(The data begins)

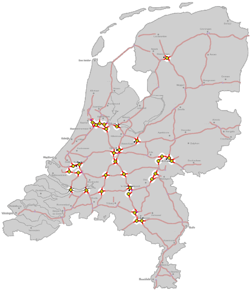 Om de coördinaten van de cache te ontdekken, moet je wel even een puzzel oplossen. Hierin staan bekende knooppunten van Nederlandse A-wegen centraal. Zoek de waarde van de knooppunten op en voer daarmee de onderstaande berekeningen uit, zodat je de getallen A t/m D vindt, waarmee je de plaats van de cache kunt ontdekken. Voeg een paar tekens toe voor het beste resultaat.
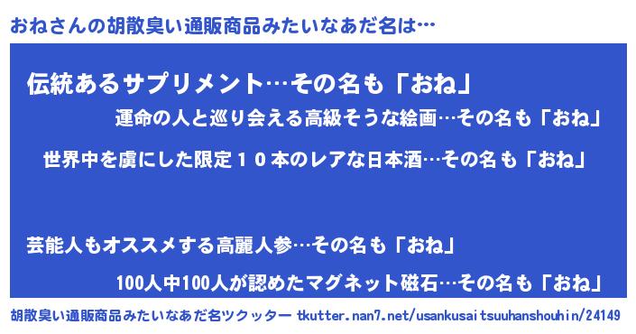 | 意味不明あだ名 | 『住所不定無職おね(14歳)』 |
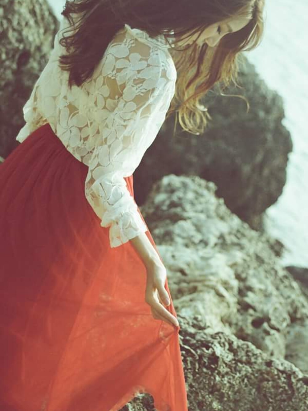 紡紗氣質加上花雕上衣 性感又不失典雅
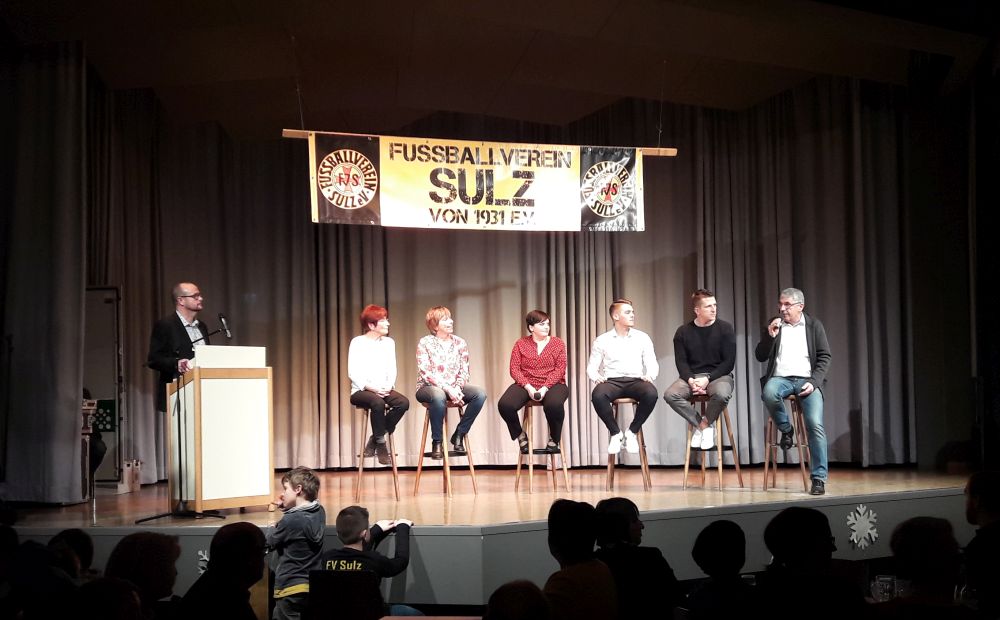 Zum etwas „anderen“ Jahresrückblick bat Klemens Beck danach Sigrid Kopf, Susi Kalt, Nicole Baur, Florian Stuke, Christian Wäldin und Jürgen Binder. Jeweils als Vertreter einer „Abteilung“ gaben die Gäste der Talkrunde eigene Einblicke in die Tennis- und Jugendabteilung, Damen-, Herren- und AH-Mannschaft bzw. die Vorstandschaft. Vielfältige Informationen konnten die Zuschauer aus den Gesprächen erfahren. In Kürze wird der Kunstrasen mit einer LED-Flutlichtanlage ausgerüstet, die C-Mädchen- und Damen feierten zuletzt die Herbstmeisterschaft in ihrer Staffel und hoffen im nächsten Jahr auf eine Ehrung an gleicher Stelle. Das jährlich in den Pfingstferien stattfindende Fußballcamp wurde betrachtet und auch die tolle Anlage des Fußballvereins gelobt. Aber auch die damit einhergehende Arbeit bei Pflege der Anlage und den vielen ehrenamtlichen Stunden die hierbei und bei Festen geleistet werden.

(The data ends)

* **The task**: Return only the lines from the start of the data through the line that contains "紡紗氣質加上花雕上衣 性感又不失典雅", please, copying them exactly and omitting all pictures.

* **Written answer**:
 Om de coördinaten van de cache te ontdekken, moet je wel even een puzzel oplossen. Hierin staan bekende knooppunten van Nederlandse A-wegen centraal. Zoek de waarde van de knooppunten op en voer daarmee de onderstaande berekeningen uit, zodat je de getallen A t/m D vindt, waarmee je de plaats van de cache kunt ontdekken. Voeg een paar tekens toe voor het beste resultaat.
 | 意味不明あだ名 | 『住所不定無職おね(14歳)』 |
 紡紗氣質加上花雕上衣 性感又不失典雅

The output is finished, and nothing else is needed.